◆ **YOUR OBJECTIVE**
Repeat nothing but the lines below running from the one containing "Käsebruch ca. 5" to the one containing "類似種に「アメリカクリノイガワンタケ(Lanzia americana = Ciboria". Keep both end lines.

◆ **DATA SUPPLIED**
+--
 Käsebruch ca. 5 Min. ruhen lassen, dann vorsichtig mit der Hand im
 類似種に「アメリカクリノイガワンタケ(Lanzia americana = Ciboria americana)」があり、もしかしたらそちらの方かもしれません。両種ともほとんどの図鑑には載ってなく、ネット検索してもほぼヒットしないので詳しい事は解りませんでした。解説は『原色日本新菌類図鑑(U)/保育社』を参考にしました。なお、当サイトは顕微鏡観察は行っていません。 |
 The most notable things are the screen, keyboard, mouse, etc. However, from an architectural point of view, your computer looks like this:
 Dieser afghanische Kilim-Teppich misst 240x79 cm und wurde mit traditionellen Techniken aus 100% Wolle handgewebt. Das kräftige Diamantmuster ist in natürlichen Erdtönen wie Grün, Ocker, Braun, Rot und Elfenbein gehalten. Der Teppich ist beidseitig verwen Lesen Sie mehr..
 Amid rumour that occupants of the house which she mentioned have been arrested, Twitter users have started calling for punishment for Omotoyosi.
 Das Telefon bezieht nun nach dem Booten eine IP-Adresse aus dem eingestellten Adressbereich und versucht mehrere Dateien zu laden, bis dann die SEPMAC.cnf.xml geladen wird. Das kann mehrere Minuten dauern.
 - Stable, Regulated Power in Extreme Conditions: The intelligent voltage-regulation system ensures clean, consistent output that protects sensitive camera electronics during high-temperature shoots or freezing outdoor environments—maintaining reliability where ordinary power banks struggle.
+--
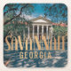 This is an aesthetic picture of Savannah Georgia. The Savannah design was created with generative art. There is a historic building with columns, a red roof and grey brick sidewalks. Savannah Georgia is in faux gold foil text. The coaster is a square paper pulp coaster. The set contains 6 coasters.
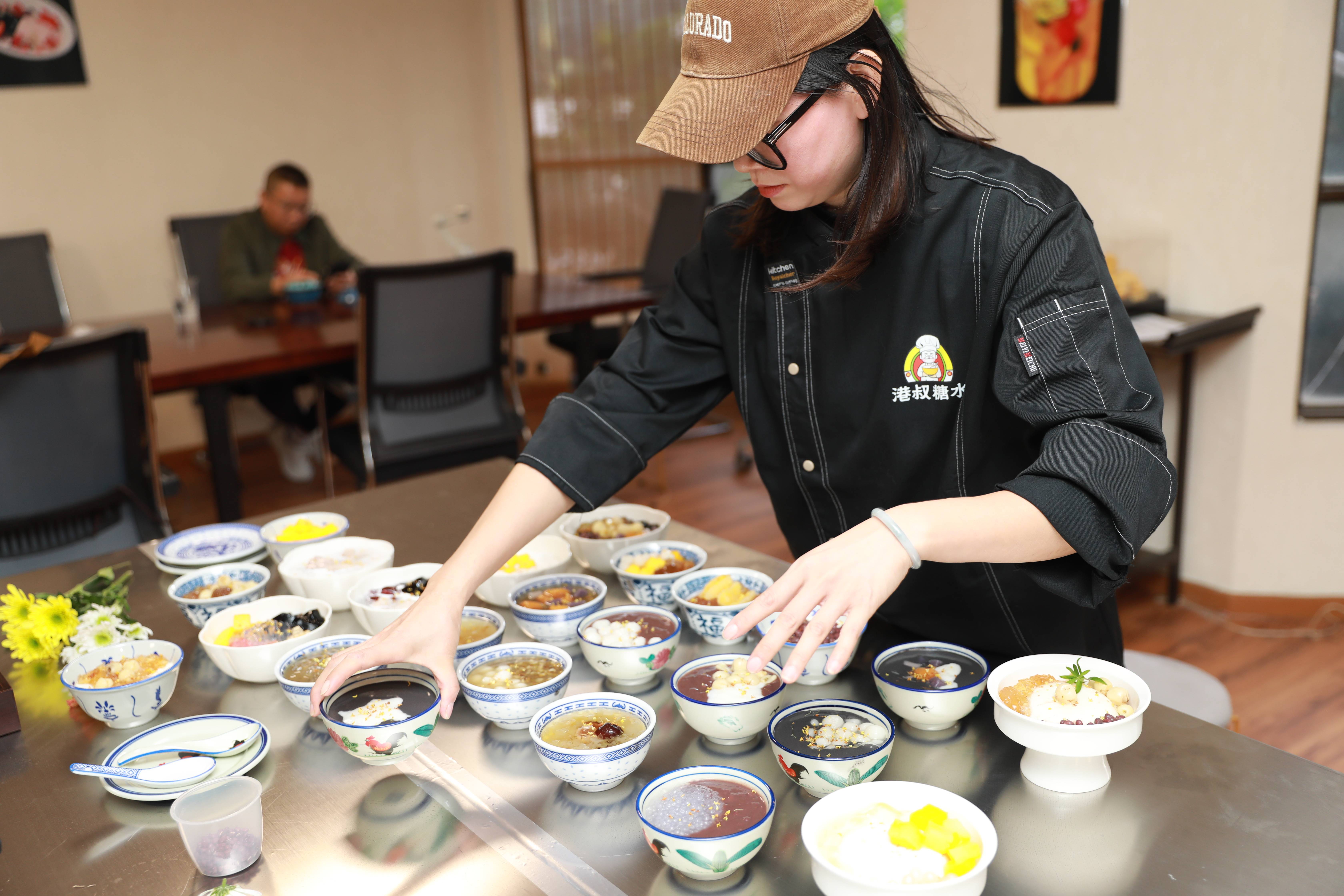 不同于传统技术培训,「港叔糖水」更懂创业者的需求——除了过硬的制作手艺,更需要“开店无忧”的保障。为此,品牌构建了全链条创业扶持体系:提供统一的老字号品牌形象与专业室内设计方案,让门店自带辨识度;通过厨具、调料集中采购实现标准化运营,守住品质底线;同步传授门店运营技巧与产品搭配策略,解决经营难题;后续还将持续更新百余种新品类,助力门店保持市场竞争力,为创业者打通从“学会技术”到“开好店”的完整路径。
+--
◆ **THE ANSWER**
 Käsebruch ca. 5 Min. ruhen lassen, dann vorsichtig mit der Hand im
 類似種に「アメリカクリノイガワンタケ(Lanzia americana = Ciboria americana)」があり、もしかしたらそちらの方かもしれません。両種ともほとんどの図鑑には載ってなく、ネット検索してもほぼヒットしないので詳しい事は解りませんでした。解説は『原色日本新菌類図鑑(U)/保育社』を参考にしました。なお、当サイトは顕微鏡観察は行っていません。 |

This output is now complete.